"Is it possible to make a living by simply watching light? Monet did. Vermeer
did. I believe Vincent did too. They painted light in order to witness the dance
between revelation and concealment, exposure and darkness. " - Terry Tempest Williams
An interesting 'green' alternative to shopping is the 'Swap don't Shop' movement. I heard about it through The Nature Conservancy and find it inspiring. This kind of movement is happening all around the country in all kinds of communities. Swapping is a sustainable idea that will help our planet. All kinds of things can be swapped, clothes are probably the most common (the average American throws 68lbs of clothing and textiles into the land fill EVERY YEAR!) but garden surplus, eggs, milk, art, dishes, tools, and many other items could be swapped.
So many of the choices we make have a major impact on the planet. This means that there are Eco-friendly changes that we can make everyday that can have a lasting healthy effect.
Hosting a 'Swap don't Shop' party is one way to be an everyday environmentalist.
The upcoming Autumn Equinox can be a time of reflection upon the year’s successes and failure and a moment of celebration of the harvest cycle. This time of year reminds me to pause and look at the bigger picture of my life. I feel this due to the changes I am making in my garden and how the changes seem to suggest a time of reflection. I have been planting the winter garden, composting spent plants and planting cover crops.
I am also making this quilt from old clothes and material scraps. All of them would have most likely gone into a land fill because they were so ripped up and old. It is fun putting the different pieces together and composing a design.
Here are a couple close ups of different places on the quilt:
Some snow peas ready to be put in the garden:
my garden changing into winter mode:
"The garden is, in a sense, the cosmos in miniature, a condensation of the world that is open to your senses. It doesn't end at the limits of your own parcel of land, or your own state, or your own nation."

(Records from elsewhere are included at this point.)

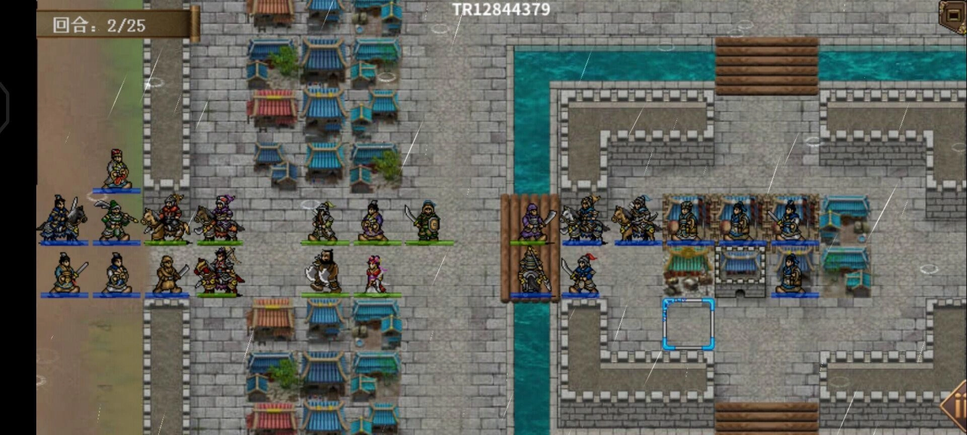 第二回合的应对策略如下:首先,敌方第一个送上门的法师已经出现,曹性和吕布各自出手攻击一次。吕布可以借助绝影马的特性,退回城池内恢复状态。宋宪需观察战局,切勿急于补刀——曹性可能难以承受伤害,因此优先选择补血、给曹性使用防御果,或者通过SL操作触发曹性的格挡(其实给曹性佩戴同心结的话,他的格挡概率会很高)。陈宫处于民房位置,能获得110点的加成来布置防水阵,行动时优先攻击多个目标,若有机会秒杀敌方将领,使用单体技能也可行。臧霸和高顺要利用好装备附带的“反击后再反击”效果,结合自身属性,很容易打出三次攻击(自身属性本就易触发双击,敌方反击后再追加一刀,总计三刀)。这一回合,高顺与魏续这一路必须解决掉两个敌兵,否则于禁不会主动靠近;若无法击杀,就通过SL操作触发双击或暴击。此外,貂蝉这回合会移动出去为臧霸增加攻击力。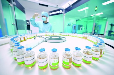 湖北武汉一家生物科技公司内,技术人员正在进行重组人白蛋白注射液(水稻)研制。张璨龙摄/光明图片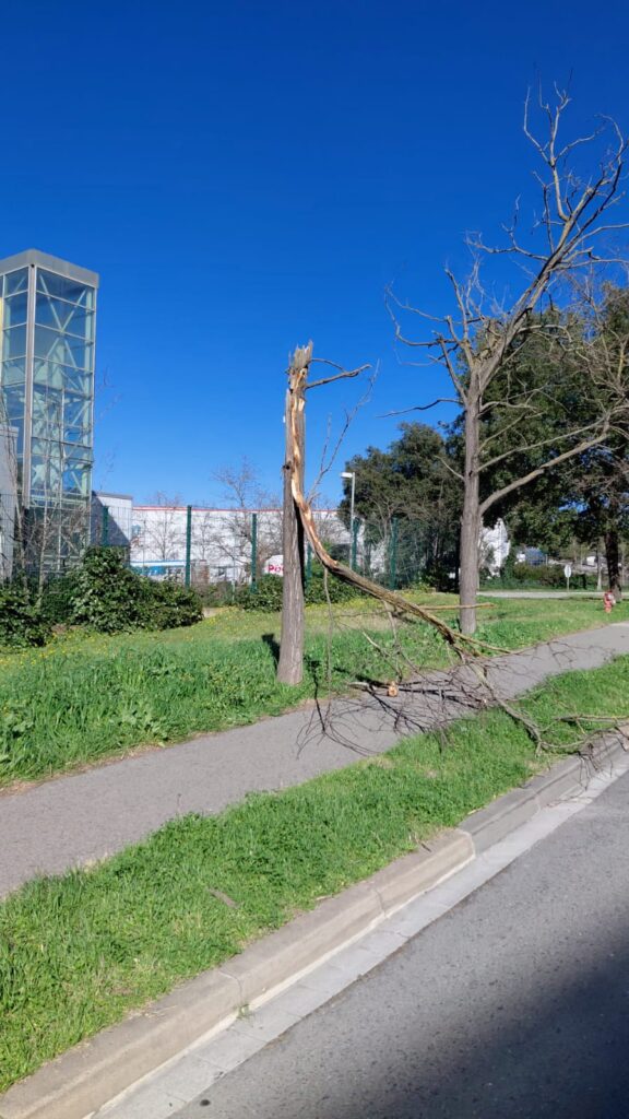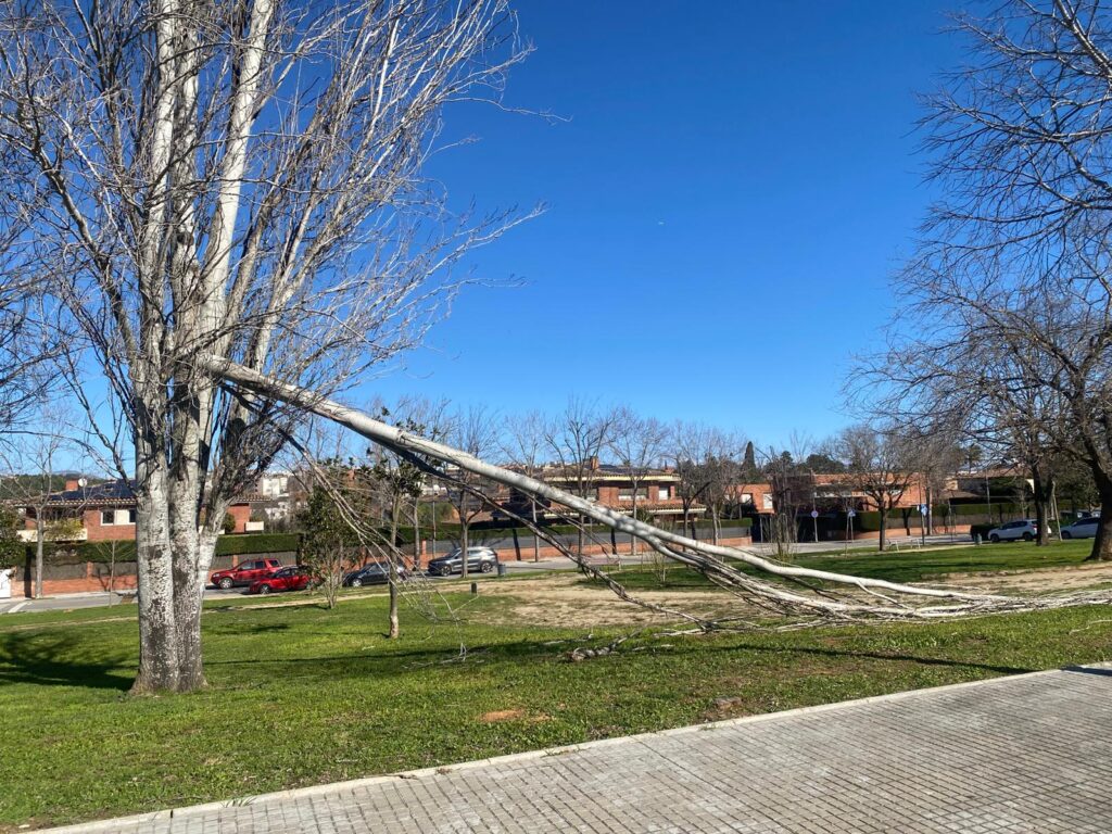 Branca trencada a causa del vent davant de l’institut Arnau Cadell / Foto: Cugat Mèdia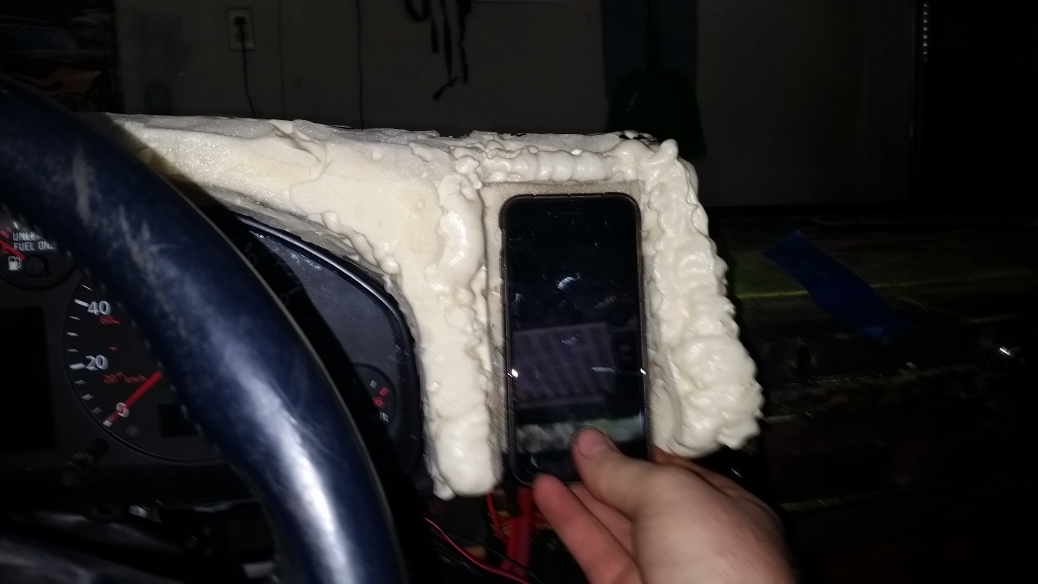 OK, so my tablet Idea was just to far fetched, I cant think of putting a tablet on this dash and it actually looking someone decent due to the size. That being said I am planning on having my phone on the dash to give me the same basic stuff but without the added bulk. That being said here is what were looking at. Am I just ruining the dash with the phone spot being where it is? Should I just have a little magnetic arm to put it on? The covered area gives it sun protection for glare as well as heat and IMHO gives it a more sleek uniformed look. I'll put details on the build later but looking for anyone to comment on the current left side of the dash idea. The right side will slope off the left side to be flat and will be separate for ease of installation. Old pic to show where the phone goes, My work iphone, my regular S5 is bigger . |

A book I go back to over and over again for support and inspiration is called, "If You Want to Write" by Brenda Ueland. I think the title could be, "If You Want to Create Art of any kind." I just substitute the word 'write' for 'art' when I read this book. Here is a passage from this book:
The author writes......
".......the moment I read Van Gogh's letter I knew what art was, and the creative
impulse. It is a feeling of love and enthusiasm for something, and in a direct,
simple, passionate and true way, you try to show this beauty in things to
others, by drawing it. And Van Gogh's little drawing on the cheap note paper was
a work of art because he loved the sky and the frail lamppost against it so
seriously that he made the drawing with the most exquisite conscientiousness and
- Brenda Ueland (from If Want to Write: A Book about Art, Independence
Perhaps anytime we do something from a place of love we are contributing 'art' to this fragile home we call earth.
I have been altering T-shirts recently, something I really enjoy doing.
I enjoy sitting outside and sewing by hand. I have learned a lot from other artists' blogs. One in particular comes to mind called: Electic-Meanderings created by Deanna 7Trees. Deanna's blog is filled with inspiration, how tos', and Deanna herself is one of the most encouraging people I have met in a long time. I encourage you to visit her blog and become a 'follower' .
Shirts on my favorite rocking chair!
Much of the social history of early America has been lost to us precisely because women were expected to use needles rather than pens. Yet if textiles are in one sense an emblem of women’s oppression, they have also been an almost universal medium of female expression. If historians are to understand the lives of women in times past, they must not only cherish the Anne Bradstreets and Martha Ballards who mastered the mysterious ways of quill pens, they must also decipher work composed in yarn and thread.”
–Pulitzer Prize-winning historian Laurel Thatcher Ulrich
These are some small mixed media paintings I am selling at "Dino's" in Loch Lomond, CA. Dino's is a wonderful Deli and market where you can get freshly made sandwiches, salads, drinks and much more. Loch Lomond is in Northern California a beautiful pine tree filled rural area.
I have taken time to really look at some of the amazing beetles around our home. Their colors and patterns are stunning and inspiring for any artist. I chanced across this book by Poul Beckmann called, "Living Jewels" which is full of beautiful photos of beetles. I didn't know this but beetles have been called 'living jewels' due to their beauty. Here are some images from Poul Beckmann's book:
I rescued Raven when she was approximately a year old (perhaps a bit younger) and often wondered what she was like as a puppy. This painting is one of my tributes to Raven and how I imagine her as a puppy! She starts my days out with her love and kindness so I titled this painting, "Starting Our Days with Kindness."